Не был ни ранен, ни контужен, тем не менее война глубоко травмировала его. Чем? Он вдруг осознал себя убийцей. В августе 1941 года, когда ополченцы держали оборону, он залег в кустах, подстерегал немцев и стрелял. Клал с одного выстрела. Сколько он перестрелял немцев за эти дни, он никогда не вспоминал, хотя в то время геройство мерилось именно числом убитых солдат противника. Всю зиму 1941 года, весну 1942-го на Ленфронте шло "движение снайперов". Появлялись герои, на счету у которых было 50–100 "фрицев". Феодосий Смолячков уничтожил 125 немцев. Искусных снайперов награждали орденами, Золотыми Звездами Героя. Никто не принимал стрельбу на войне за убийство, человек на той стороне был всего лишь мишенью.

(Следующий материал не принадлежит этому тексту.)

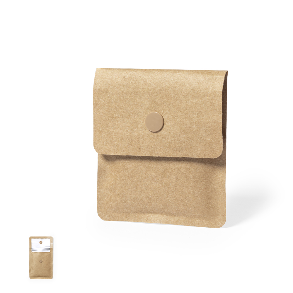 Linie Natur Taschenaschenbecher, außen mit laminiertem Recyclingpapier und innen aus feuerfestem Aluminium. Klappe mit passendem Haken- und Ösenverschluss.
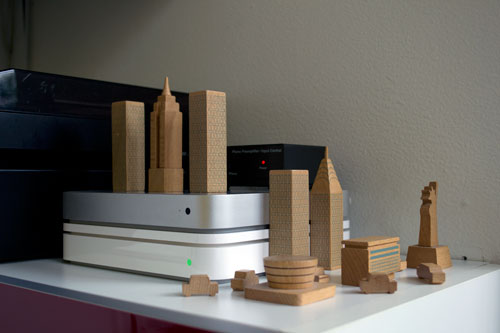 Tiny Manhattan wooden blocks are a playful detail that gets a lot of smiles.
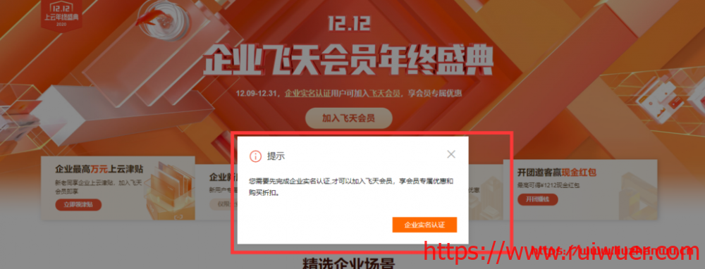 按上述流程完成企业认证后,您就可以成功加入阿里云飞天会员,享受本次双12的爆款产品的飞天会员价。
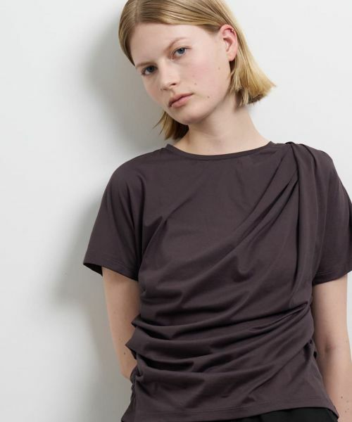 表面の毛羽を極力なくし、上品な艶をたたえたクリーンなカットソー素材を使用。この滑らかな生地だからこそ、タックから生まれるドレープの美しい流れが際立ちます。
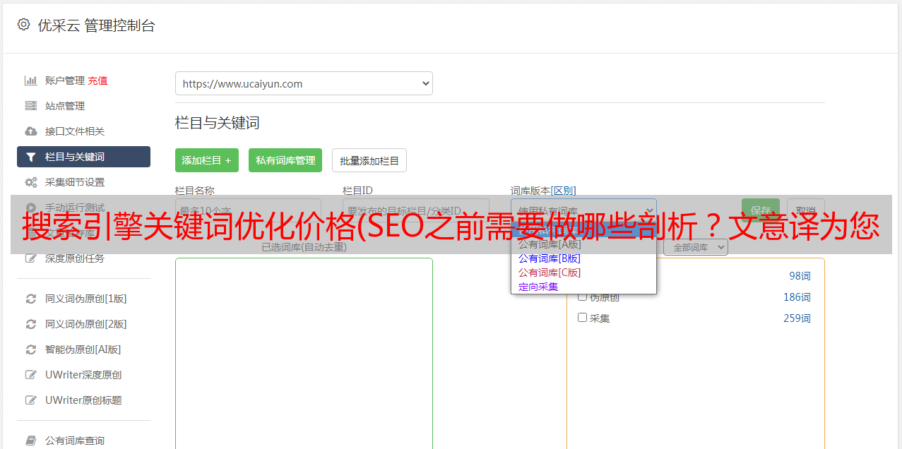 优采云 发布时间: 2021-08-31 03:05搜索引擎关键词优化价格(SEO之前需要做哪些剖析?文意译为您解析)
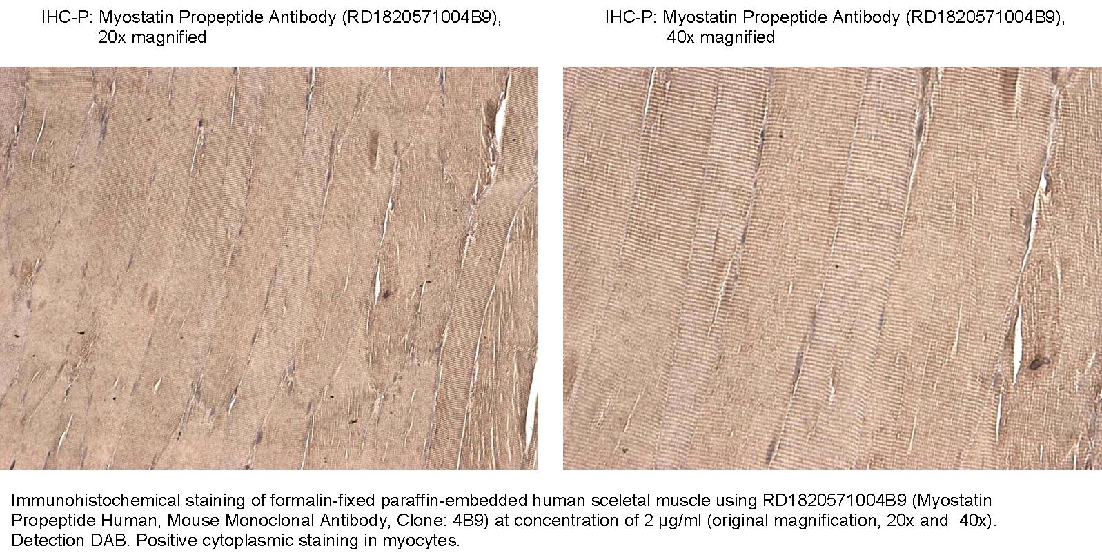 The antibody is a mouse monoclonal antibody against recombinant Human Myostatin Propeptide.

В Баргузине дед брал маленького Гора на охоту. Они стреляли соболей, Гор стал хорошим охотником. Немудрено, что в армии, на полковых стрельбищах, он занимал первые места. В картонные фигуры безошибочно всаживал в сердце пулю за пулей. На расстоянии пятисот метров.
В армию он попал потому, что его исключили из Университета. Исключен с последнего курса в 1930 году за формализм.
Сон соболю приснился не соболий,
И тополю не топал тополь.
И плакала волна в Тоболе
О Ермаке, что не увидит боле…
Стихи у него получались не такие, как положено, рассказы малопонятные, их абсурдность раздражала, они нарушали все литературные традиции, там было нечто, предвещающее обэриутов.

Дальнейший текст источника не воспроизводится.